====== Data for this task ======
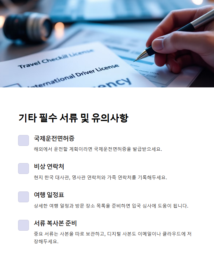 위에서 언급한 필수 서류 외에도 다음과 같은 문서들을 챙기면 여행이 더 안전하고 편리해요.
======
====== Data for this task ======
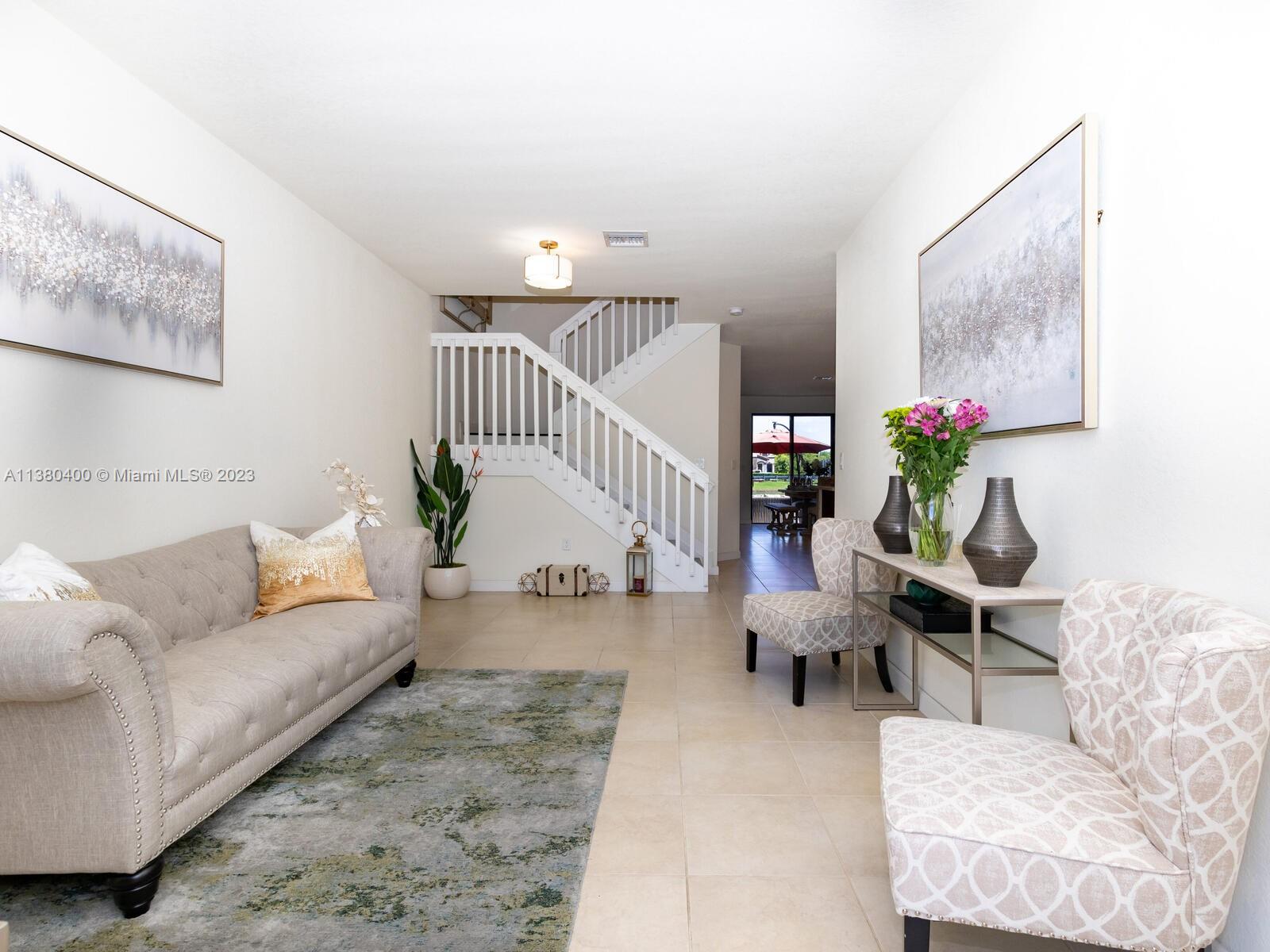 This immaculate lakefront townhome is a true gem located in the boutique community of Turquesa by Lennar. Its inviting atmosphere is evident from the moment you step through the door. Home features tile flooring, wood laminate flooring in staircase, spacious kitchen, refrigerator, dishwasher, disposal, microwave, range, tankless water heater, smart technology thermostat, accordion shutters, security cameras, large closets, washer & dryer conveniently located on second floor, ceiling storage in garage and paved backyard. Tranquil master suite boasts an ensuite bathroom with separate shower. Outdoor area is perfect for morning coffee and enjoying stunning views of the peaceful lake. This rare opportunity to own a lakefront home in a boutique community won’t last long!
======
====== Data for this task ======
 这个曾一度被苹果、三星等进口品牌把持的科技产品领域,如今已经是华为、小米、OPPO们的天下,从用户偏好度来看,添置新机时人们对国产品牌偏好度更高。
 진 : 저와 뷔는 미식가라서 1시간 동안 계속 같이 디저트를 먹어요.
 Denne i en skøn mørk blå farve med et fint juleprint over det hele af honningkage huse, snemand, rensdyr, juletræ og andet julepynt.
======
Your answer must consist solely of the lines above between the line holding "진 : 저와 뷔는 미식가라서 1시간 동안 계속 같이 디저트를 먹어요." and the line holding "Denne i en skøn", inclusive, copied exactly.

- [Response area]:
 진 : 저와 뷔는 미식가라서 1시간 동안 계속 같이 디저트를 먹어요.
 Denne i en skøn mørk blå farve med et fint juleprint over det hele af honningkage huse, snemand, rensdyr, juletræ og andet julepynt.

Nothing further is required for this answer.